TRY IT:
Beginning with the line that contains "- For users", restate each line below through the final one exactly, and exclude the pictures.
::: EXERCISE DATA
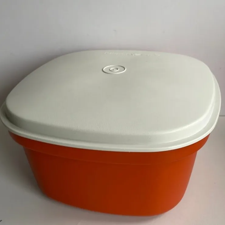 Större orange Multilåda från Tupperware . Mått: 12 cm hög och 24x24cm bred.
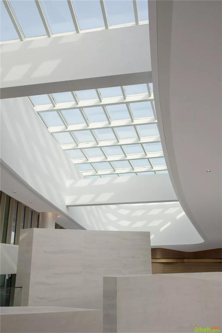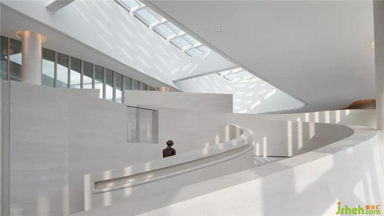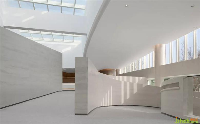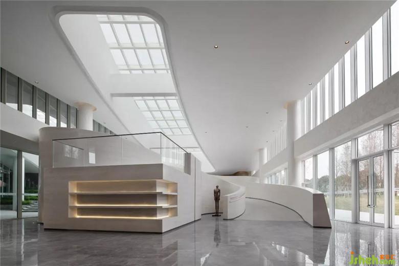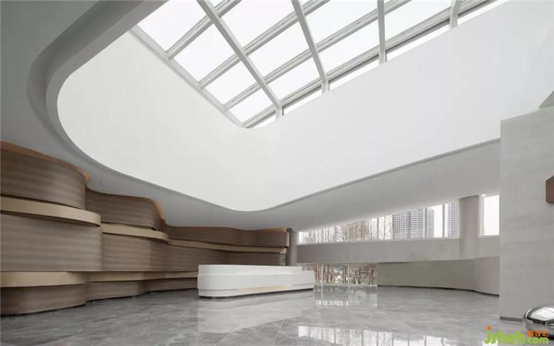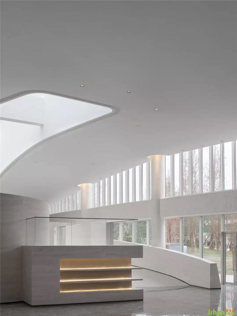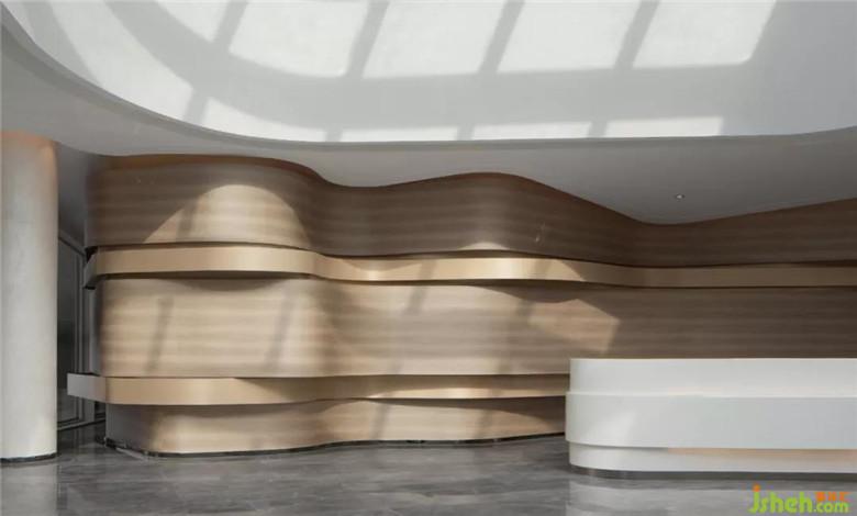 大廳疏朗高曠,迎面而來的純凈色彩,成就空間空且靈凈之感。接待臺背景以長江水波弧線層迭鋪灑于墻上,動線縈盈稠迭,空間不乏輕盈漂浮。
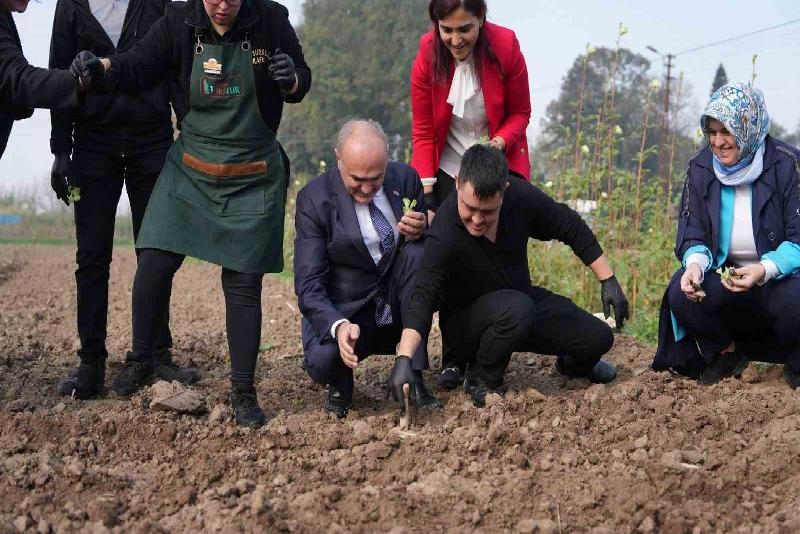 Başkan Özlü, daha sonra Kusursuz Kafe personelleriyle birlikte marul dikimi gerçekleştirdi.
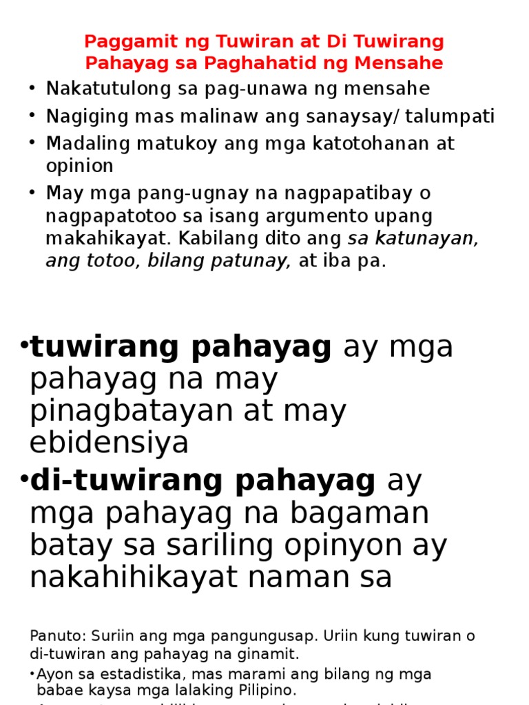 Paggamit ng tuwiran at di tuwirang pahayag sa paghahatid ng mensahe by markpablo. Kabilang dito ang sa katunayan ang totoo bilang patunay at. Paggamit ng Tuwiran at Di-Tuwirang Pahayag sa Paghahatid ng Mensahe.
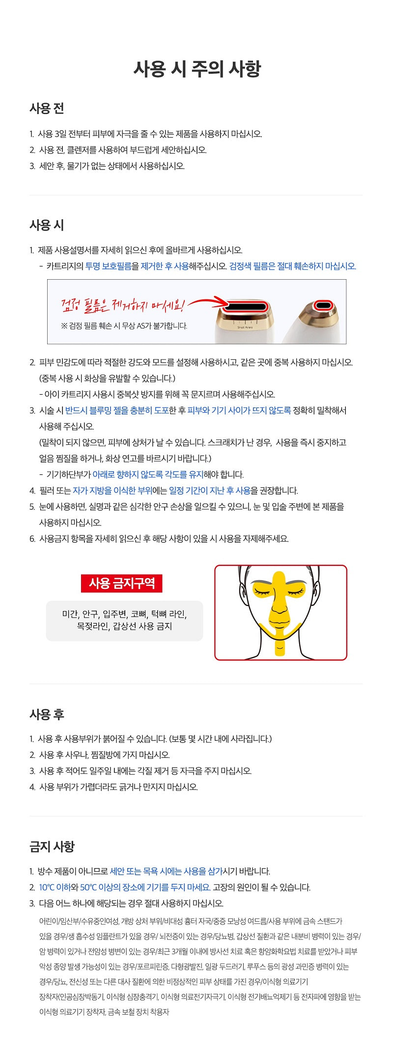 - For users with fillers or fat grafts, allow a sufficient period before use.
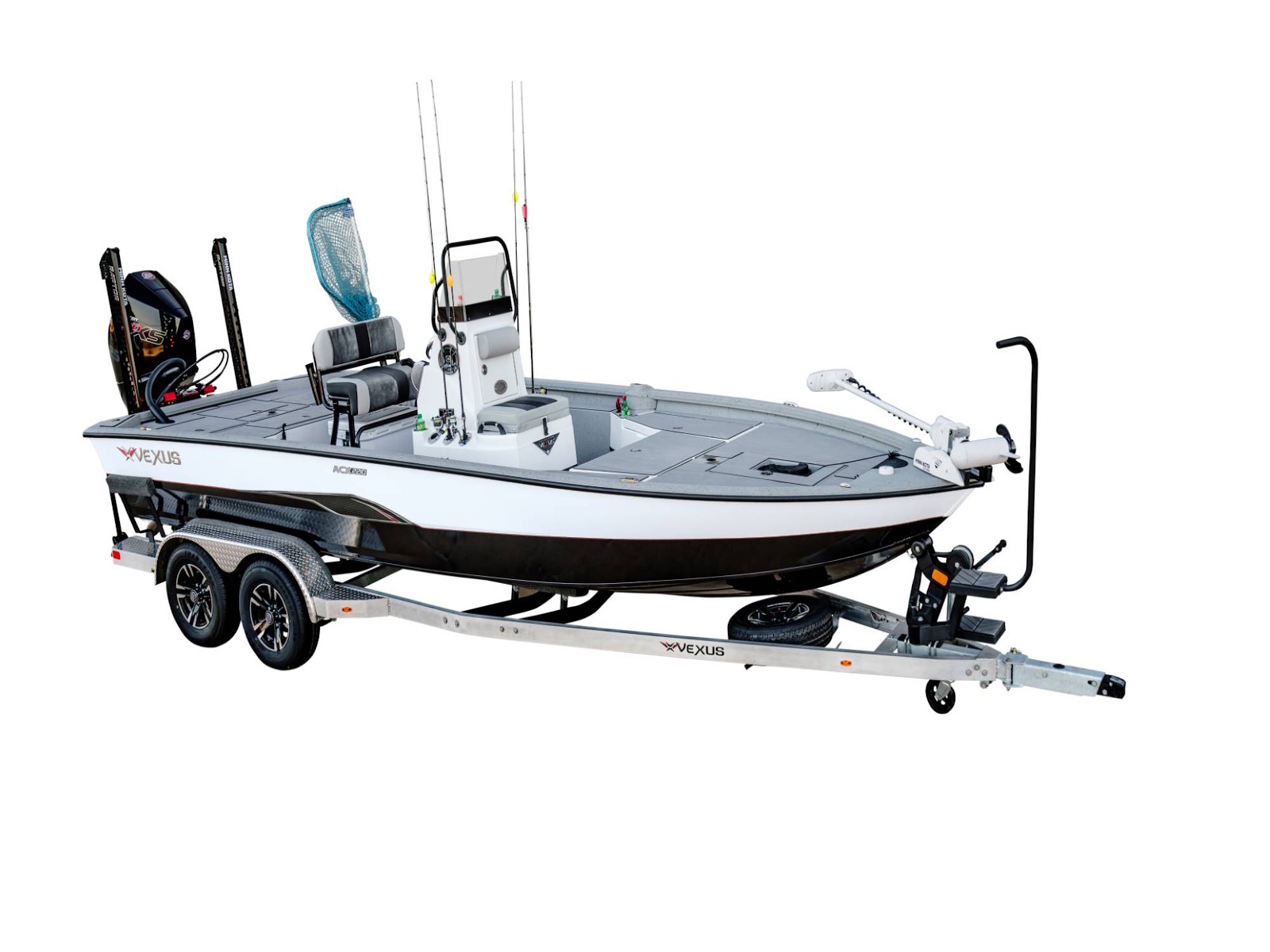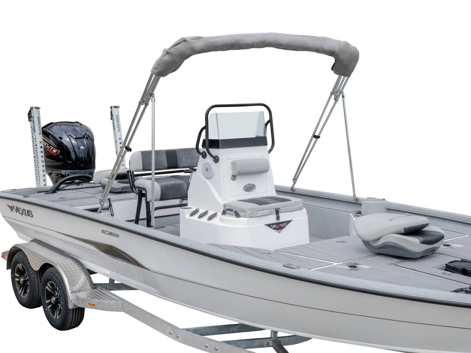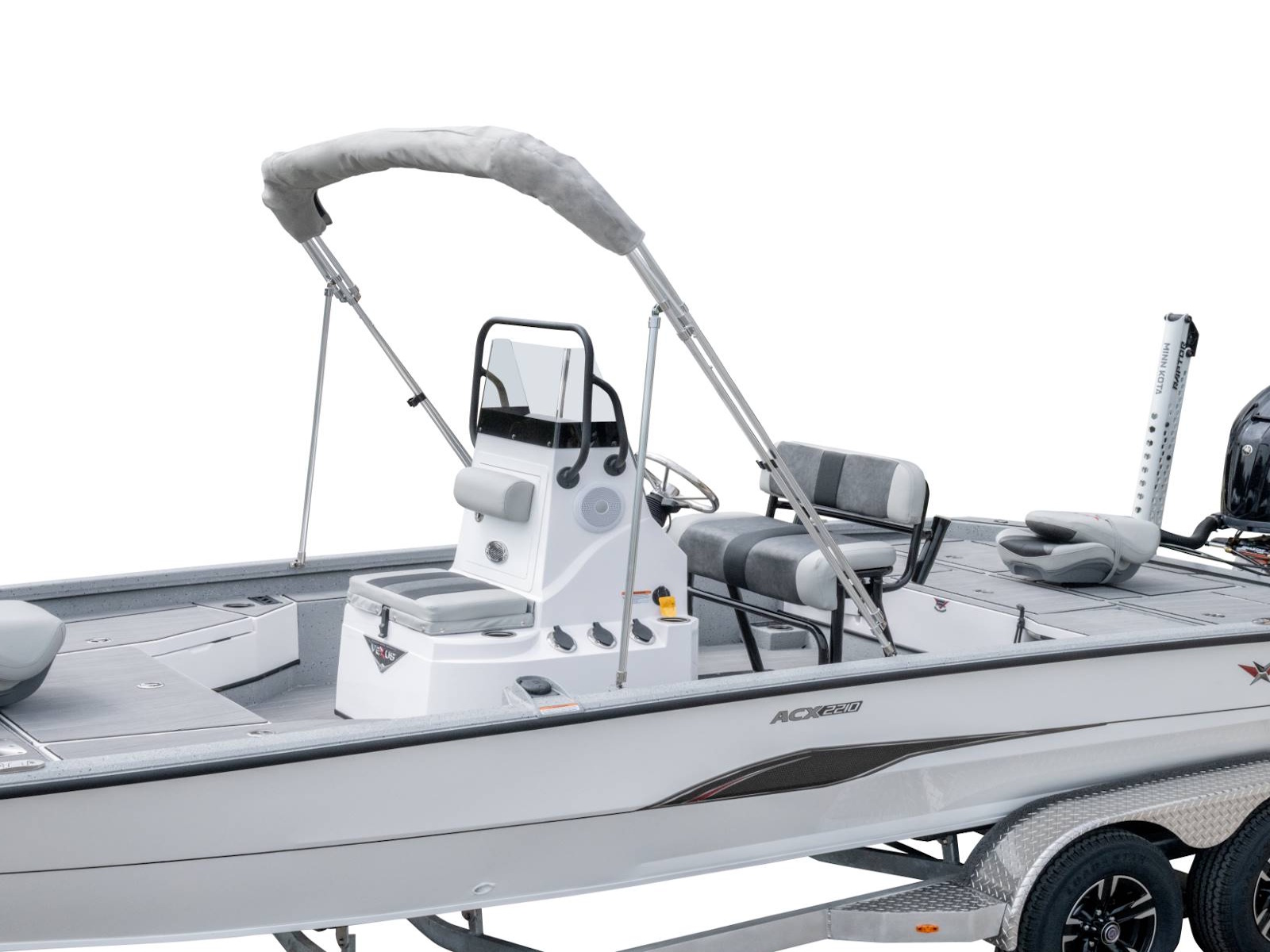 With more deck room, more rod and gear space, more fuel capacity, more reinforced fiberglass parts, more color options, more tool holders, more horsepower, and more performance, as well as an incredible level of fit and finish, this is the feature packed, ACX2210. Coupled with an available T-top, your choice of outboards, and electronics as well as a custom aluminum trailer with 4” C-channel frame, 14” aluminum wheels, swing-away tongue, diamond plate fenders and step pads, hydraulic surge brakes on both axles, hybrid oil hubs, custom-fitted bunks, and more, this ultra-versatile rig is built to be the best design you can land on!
::::::
ANSWER SECTION:
 - For users with fillers or fat grafts, allow a sufficient period before use.
 With more deck room, more rod and gear space, more fuel capacity, more reinforced fiberglass parts, more color options, more tool holders, more horsepower, and more performance, as well as an incredible level of fit and finish, this is the feature packed, ACX2210. Coupled with an available T-top, your choice of outboards, and electronics as well as a custom aluminum trailer with 4” C-channel frame, 14” aluminum wheels, swing-away tongue, diamond plate fenders and step pads, hydraulic surge brakes on both axles, hybrid oil hubs, custom-fitted bunks, and more, this ultra-versatile rig is built to be the best design you can land on!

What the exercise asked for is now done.